15 - What would you like to do that you haven't yet done?
Make a pop-up book. Make a video game. Understand fonts.

16 - If you could pick any other occupation to attempt, what would it be? Or, alternately, what do you think you would have ended up doing had you not been a writer?
Retired physicist writing about consciousness.

17 - What made you write, as opposed to doing something else?

I think 1) writing has always felt like it has the most capacity to express ideas, or at least to provide the most direct contact with ideas, 2) books, kind of like video games, directly use your mind to create their world. Writing seems to rely more heavily on actively structuring your phenomena in order to exist, as compared to movies or images, which go on playing or hanging on the wall regardless of your attention. I say writing is also similar to video games because games are static until you enter them and start moving and doing things. They are about what you can do once you’re in them, and I think poetry is somewhat similar. What do you do with the poem while you’re in it? 3) Writing is the easiest art form to get up and running! You don’t need a whole crew or a lot of supplies, just a word doc.

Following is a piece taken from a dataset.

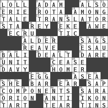 ACROSS 1. Hang loosely or laxly 5. First man 9. In addition 13. One of the Great Lakes 14. Round or rotation of duties 15. Amid 16. Lie 17. Interpreter 19. R.R. building 20. Marina Del _, California 21. Make supply last 22. Deep reverence 23. Shade of tan 25. Nervous spasm 26. Tree or shrub in the Birch family 30. Sinks 34. Rob, plunder, or pillage 35. He sold his birthright 36. Indonesian resort city 39. Started a card game 42. Have the gumption 43. A single undivided whole 44. Stop 46. _ Jones' Locker 47. Simpsons dad 48. Ovum 51. At sea 54. A female animal or person 57. Drinking establishment 58. Hearing organ 60. Plant excrement 62. Parts 65. "Two Mules for Sister ____" 66. Constellation of myth 67. Opposed to 68. Picture 69. Small pie 70. Pull apart 71. Airtight sealed metal containers DOWN 1. Allows 2. Speak pompously 3. Pale purple color 4. Area sheltered from the wind 5. Johnson of "Laugh-In" 6. Small, narrow, flatbottom fishing boat 7. "One Day ___ Time" 8. French painter Edouard 9. Wet nurse (var.) 10. Globular water bottle used in Asia 11. Overwhelm 12. Legendary monster 15. Actor Baldwin 18. What Jean-Claude Killy likes to do 20. General guideline 24. Noteworthy scarcity 27. Male parent 28. Night before a holiday 29. Arrive at 30. Spring feasts 31. White ___ sheet 32. Slender fish 33. Institute legal proceedings 36. Partially opened flower 37. Santa ___, CA 38. 54 in ancient Rome 40. Lion 41. Scottish cap 45. Shrivel 48. Inky black, to poets 49. Separate the seeds from cotton 50. Relatively large 52. 1973 Nobel Price Winner (Physics) Leo 53. Composer Copland 54. Highlander 55. Israeli folk dance 56. Independent ruler or chieftain 58. Singer James 59. SW Saudi Arabia district 61. Baking dishes 63. Plant holder 64. Compass dir. 65. Be seated

18 - What was the last great book you read? What was the last great film?
Book - Courtship of Lapwings by Maggie O'Sullivan

Movie - After Life by Hirokazu Koreeda

19 - What are you currently working on?
I lost my brother last year. He was 18 and his death has devastated my family. I want to think beyond death as annihilation and poetry as an emotional reaction to that annihilation. I want to write something that sees the world as an ecology of souls, where souls are the world and what holds the world together. Individuality, memory, and personal connection are—at some reductive physical level of explanation—temporary phenomena, they are thermodynamically lossy and eventually unsustainable, but I want to write towards some further level where those things are recovered, where that which emerges (say, your love for the loved one) is just as real as that which it emerges from (say, a series of events in which repeated interactions between two organisms lead to resonant brain functions), where the dead and living and the yet-to-be born coexist—where unity, multiplicity, individuality, and the impersonal phase into and out of one another, and the afterlife and reincarnation, nothingness and everythingness, devastating loss and eternal presence, are all thinkable in the same breath. I see this as widening the kind of typing and thinking I talked about in some of the earlier questions. I’m not ready to talk about exactly what sort of poem/book this all amounts to, but this is where I’m trying to go, as huge and vague as it sounds.